I have/had an '03 TCR composite that I noticed had a small separation below the downtube bottle cage. The seem of the carbon had separated slightly enough to cause that part of the bike to feel squishy.

But heck, I can't complain. I dropped off my bike to my LBS and I just found out that I'll be getting a brand new '05 TCR Comp 1 frame/fork/headset! It's a bummer that it cracked, but I now know that all the good things I've heard about Giant's warranty service is true!
.nathan.


----------



## sbindra (Oct 18, 2004)

*Other Expenses*

Just curious, does Giant cover the cost to rebuild up the bike with your existing components or is that at your cost?


----------



## nathasm (Aug 6, 2004)

*It's up to your local bike shop*

Rebuilding is at the expense of your local bike shop. Since I took it into my LBS and am not dealing with Giant directly, it's really their call. From what can tell, the LBS calls up Giant and says they have a busted frame. Giant then sends them a replacement frame and sends back the busted one. So the transfer from one frame to the other probably has to happen at your LBS.
.nathan.


----------



## jumpstumper (Aug 17, 2004)

Is this a common problem with TCR Comps?


----------



## magnolialover (Jun 2, 2004)

*Have had 3...*



jumpstumper said:


> Is this a common problem with TCR Comps?


I have had 3 TCR composites, and never had this problem.

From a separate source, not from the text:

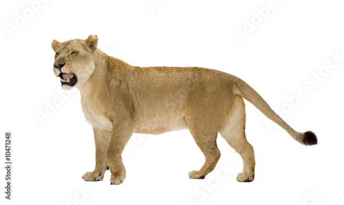 Obraz premium Lioness (8 years) - Panthera leo in front of a white background

The cracking that is. Although I did have an alu Giant that developed a significant creak in the frame. They took it back, and gave me a new one, really no questions asked. Their warranty kicks butt as far as I can tell, and from what I've heard from my LBS that deals a lot of Giants.


----------



## nathasm (Aug 6, 2004)

*Nope*

I haven't heard of this problem, but I have heard of other people having cracks (along the headtube).

Of course, you only hear about the people that have a problem and never from the people who don't have a problem. So, your milage may vary. 

Regardless of that fact, Giant will warranty any composite frame for life, so does it really matter? Especially since you'll more than likely be getting a newer frame than the one that was broken


----------